(Dataset records)

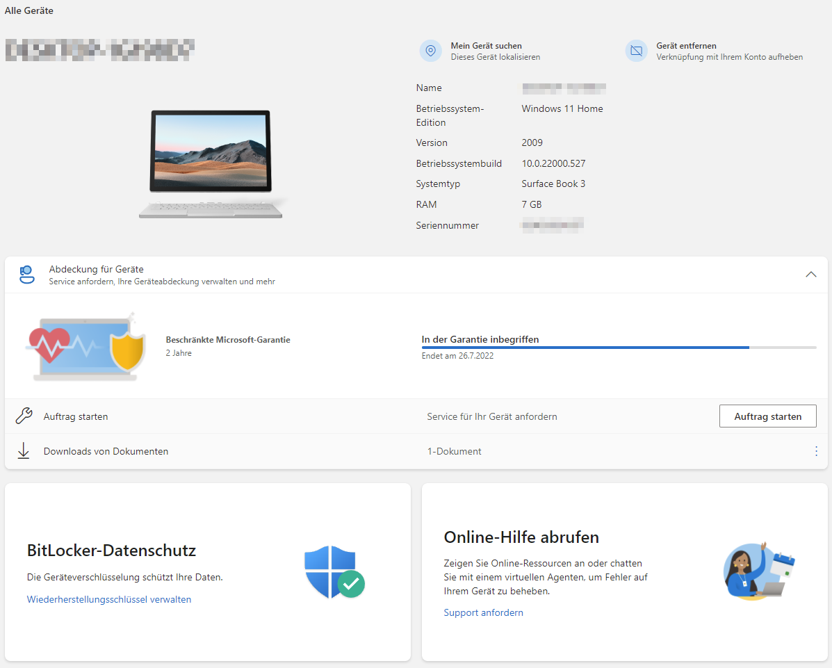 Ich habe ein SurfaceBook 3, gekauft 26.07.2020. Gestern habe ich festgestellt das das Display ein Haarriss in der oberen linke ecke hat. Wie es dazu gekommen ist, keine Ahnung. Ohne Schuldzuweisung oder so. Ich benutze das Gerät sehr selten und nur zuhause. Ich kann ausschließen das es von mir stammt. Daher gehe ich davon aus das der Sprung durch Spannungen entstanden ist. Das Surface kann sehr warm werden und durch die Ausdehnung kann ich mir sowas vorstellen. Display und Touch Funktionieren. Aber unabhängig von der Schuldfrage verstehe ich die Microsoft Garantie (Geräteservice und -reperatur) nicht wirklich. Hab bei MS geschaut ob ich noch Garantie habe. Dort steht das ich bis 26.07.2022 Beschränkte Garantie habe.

(End Dataset records)
(Dataset records)

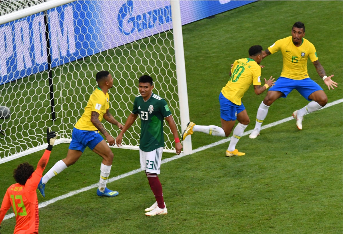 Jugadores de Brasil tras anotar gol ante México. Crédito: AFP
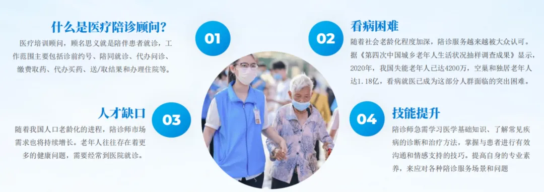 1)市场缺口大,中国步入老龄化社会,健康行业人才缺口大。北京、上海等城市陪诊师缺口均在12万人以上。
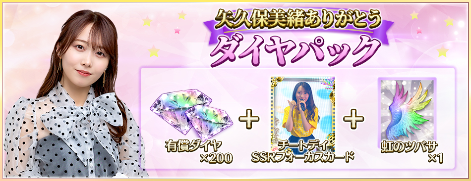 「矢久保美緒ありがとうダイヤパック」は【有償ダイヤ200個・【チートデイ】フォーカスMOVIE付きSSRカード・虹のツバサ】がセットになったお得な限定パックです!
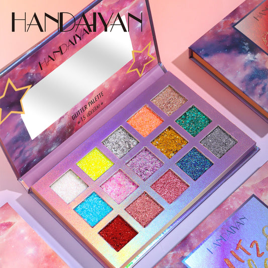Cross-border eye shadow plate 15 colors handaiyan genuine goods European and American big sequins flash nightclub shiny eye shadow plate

(End Dataset records)

#### [Requirement]
Drop the pictures; return the lines above from the line containing "Jugadores de Brasil" to the line containing "Cross-border eye shadow", both included, exactly.

#### [Problem solution]
 Jugadores de Brasil tras anotar gol ante México. Crédito: AFP
 1)市场缺口大,中国步入老龄化社会,健康行业人才缺口大。北京、上海等城市陪诊师缺口均在12万人以上。
 「矢久保美緒ありがとうダイヤパック」は【有償ダイヤ200個・【チートデイ】フォーカスMOVIE付きSSRカード・虹のツバサ】がセットになったお得な限定パックです!
Cross-border eye shadow plate 15 colors handaiyan genuine goods European and American big sequins flash nightclub shiny eye shadow plate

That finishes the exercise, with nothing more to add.